Turned Hands 22.01.06


Instead of your upturned

hands in supplication, in

mute demands of me

your hands would

be better poised

turned downwards

wrists together


Although your movement

is free, the imprisonment

you feel is far

more stringent

and encapsulating:

your hands, turned down,

would indicate this.


The Mute 22.01.06


Are so made by

unhearing ears and

sightless eyes, blind

to requests for

money or employment

by the grace of

someone else's god


If I could offer

words of revival

or advice unwanted

as they may be,

I do not know

whether they would

be deciphered:


From my mouth

would come the moaning

attempts at speech

of the unendowed

the unvoiced and the

indiscriminate nonsense

of poverty



Clouds in my room 22.01.06


On occasion, I wish that fog were stronger, that it could make pause

the realities we so easily construct in our domesticity.
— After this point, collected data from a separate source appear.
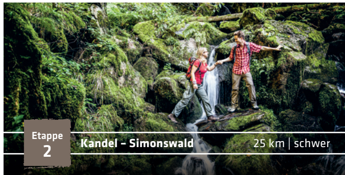
Etappe 2 Kandel – Simonswald 25 km | schwer

Fast 1.000 Höhenmeter: Eine Tagesbilanz, auf die Du stolz sein kannst. Aus der Altstadt von Waldkirch schlängelt sich der Weg vorbei an der im Wald versteckten Ruine Schwarzenburg und weiter hinauf zur Thomashütte. Wie ein Adlernest klebt die Hütte auf dem Felsen. Atemberaubende Tiefblicke ins Glottertal und ins Rheintal verschlagen Dir die Sprache. Jetzt ist es nicht mehr weit bis zur Gipfelpyramide des 1.241 Meter hohen Kandels.
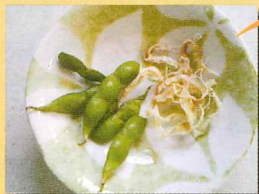
レシピ提供：NPO マザーズエイド 山本
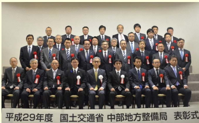
7月19日 優良業務表彰式 優秀な成績を収められた企業のみなさま。 受賞おめでとうございます。 (中部地方整備局)
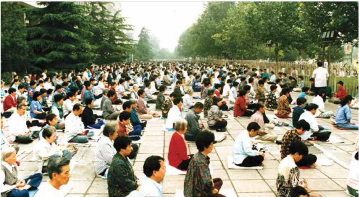
Занятия Фалуньгун в районе станции Мусиди в Пекине до начала преследования в 1999 году

Фалуньгун представляет собой медитативную практику, в основе которой лежат древние китайские традиции оздоровления организма и самосовершенствования, а также принципы истины, доброты и терпения. К концу 90-х годов по подсчётам китайского правительства, Фалуньгун занимались 70 миллионов человек. Эту цифру также цитируют некоторые западные СМИ.

A fog that

could penetrate through the open doors and windows of my home

and make these spaces unfamiliar, darken them with dampness and

opaqueness – clouds in my living room, my study, my each and every

private space invaded by the waters of alien spaces, penetrated by

air almost drinkable in its thickness.


It would take a strong movement for me to open my mouth and

begin quaffing it down, imbibing this invasion, taking it into me,

swallowing it down and ingesting it – the process of both alienation

and familiarisation with that in which I have lived, in which I have

made myself present and unforgivable. Having taken them in, I would

remove myself, I would spew the contents of my feasting out into

the streets, into the city, out.


Out of my body, how I hope that the process of being lost in the

familiar could liberate me, and that in my ingestion and in its

pursuant liberation, I would be free of memory.


Those Nights 24.01.06


It is those nights

when what feels

like need

burns from the

bottom-most bones of

my feet through and up

my deep set spine


it is those dark nights,

those nights when the wind

clamours against my windows

and doors, sounding like

your voice calling from

the depths of need

a need that only I could

quieten,


that it is the most difficult


Those nights, replaced by

breeze-easy days

silent and well-lit


and I am made dumb

by this censure of days

on those my nights


Untaught 04.02.06


Love is not learnt

it is not thought

or contemplated

or written


it is obliviousness

of the world around me

faded pastels and unkempt

greys searching for the

injection of what a moment's

experience of this could provide


it is the anger and the bursting

consumption of my fleshy body

the browns and whites thrown

about blown apart from an

inadequate sense of attachment

to the part of me that is here


and it is immature and old the

fossilised body of a hominid child

cowering and clinging yet held

forever in stasis forever in perfection

forever in that moment, that instant and

held held held constant because it cannot be


you did not learn me and neither did

I ever think of learning you but

the moments of love were perfect

and engrossing in recollection and

worthy of every tear that I have shed and

now that love is not there, I will learn you.


It was not learnt

it has been thought,

contemplated and

so tragically written.


Forgiving separation 04.02.06


I am not good at letting go, at least not

in the moment in which it has to be done

and I detach and rationalise in hindsight

in the measured and practised defences of

one at comfort with disconnection


But that is far from accurate, in any sense

far too intellectually driven and unemotional

(although you could claim I am so disposed)

but all of the grammar, all of the correct

spelling and the efficiently placed words


are such clichéd approximations of separation

such an imitation of politesse for one in

suffering, one unable to wear hearts on sleeves

or collars for fear of their consumption and

their bloodied remains strewn across starched shirts.


It is thus with you, and I forgive myself daily for

those subjects undiscussed, the compliments ungiven

and the wonders I beheld at every moment watching

you walk through scratch-grass veld but which remained

interminably unshared. I forgive myself.


But I will not damn myself by asking for yours.